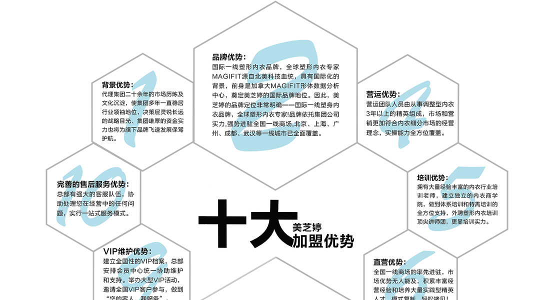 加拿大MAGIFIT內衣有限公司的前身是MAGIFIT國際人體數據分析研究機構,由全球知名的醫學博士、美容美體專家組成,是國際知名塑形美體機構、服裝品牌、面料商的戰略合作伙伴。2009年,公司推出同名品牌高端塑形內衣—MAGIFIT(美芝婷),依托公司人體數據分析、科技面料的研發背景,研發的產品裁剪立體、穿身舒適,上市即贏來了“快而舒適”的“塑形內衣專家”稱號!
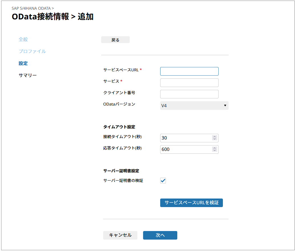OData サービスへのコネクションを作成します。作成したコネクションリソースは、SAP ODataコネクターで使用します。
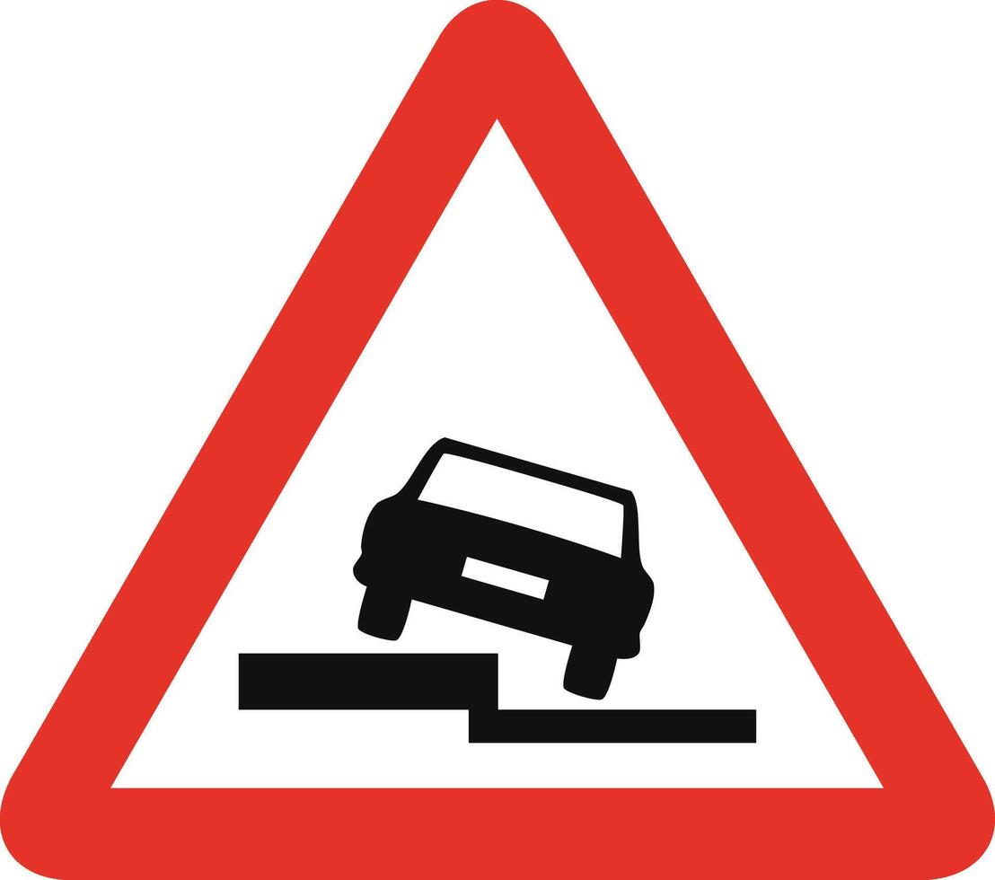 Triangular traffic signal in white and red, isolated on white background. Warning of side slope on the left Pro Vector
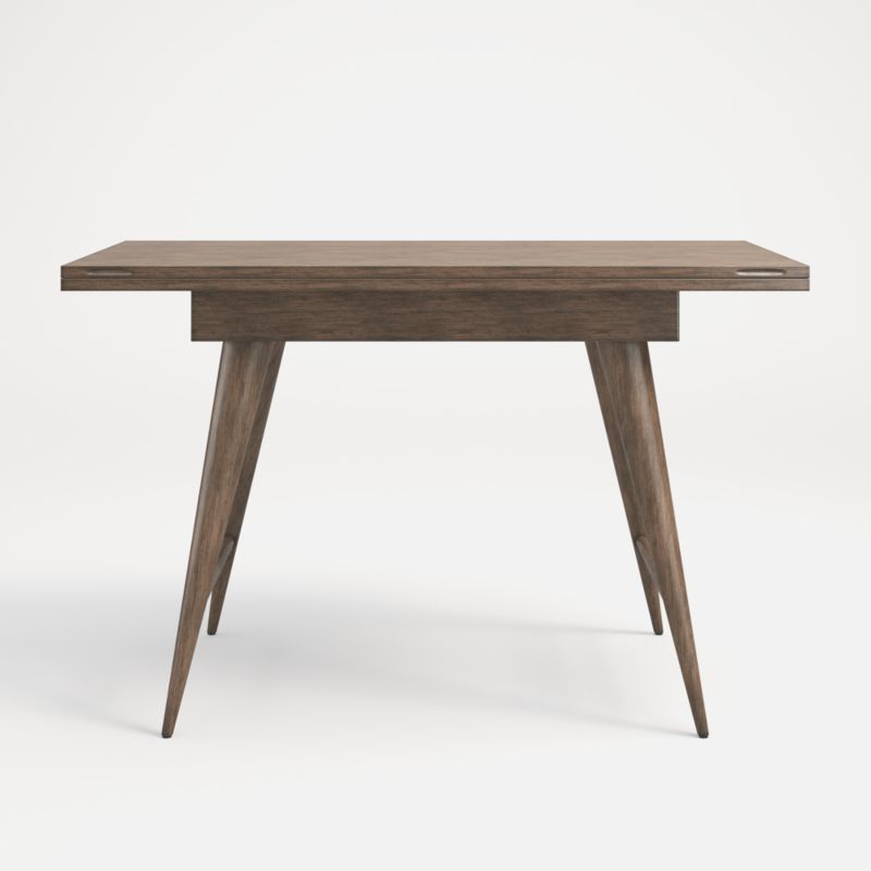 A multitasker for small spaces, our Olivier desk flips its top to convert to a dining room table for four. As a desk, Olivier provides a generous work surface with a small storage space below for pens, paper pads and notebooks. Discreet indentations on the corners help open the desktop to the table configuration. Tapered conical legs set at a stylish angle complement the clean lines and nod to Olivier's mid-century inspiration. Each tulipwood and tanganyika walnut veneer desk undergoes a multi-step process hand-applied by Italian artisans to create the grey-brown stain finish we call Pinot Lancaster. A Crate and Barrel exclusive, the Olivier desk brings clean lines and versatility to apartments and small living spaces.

• Exercise instructions
Only the pictures are to be dropped; return everything else in the listing exactly.

• Result of the task
 加拿大MAGIFIT內衣有限公司的前身是MAGIFIT國際人體數據分析研究機構,由全球知名的醫學博士、美容美體專家組成,是國際知名塑形美體機構、服裝品牌、面料商的戰略合作伙伴。2009年,公司推出同名品牌高端塑形內衣—MAGIFIT(美芝婷),依托公司人體數據分析、科技面料的研發背景,研發的產品裁剪立體、穿身舒適,上市即贏來了“快而舒適”的“塑形內衣專家”稱號!
OData サービスへのコネクションを作成します。作成したコネクションリソースは、SAP ODataコネクターで使用します。
 Triangular traffic signal in white and red, isolated on white background. Warning of side slope on the left Pro Vector
 A multitasker for small spaces, our Olivier desk flips its top to convert to a dining room table for four. As a desk, Olivier provides a generous work surface with a small storage space below for pens, paper pads and notebooks. Discreet indentations on the corners help open the desktop to the table configuration. Tapered conical legs set at a stylish angle complement the clean lines and nod to Olivier's mid-century inspiration. Each tulipwood and tanganyika walnut veneer desk undergoes a multi-step process hand-applied by Italian artisans to create the grey-brown stain finish we call Pinot Lancaster. A Crate and Barrel exclusive, the Olivier desk brings clean lines and versatility to apartments and small living spaces.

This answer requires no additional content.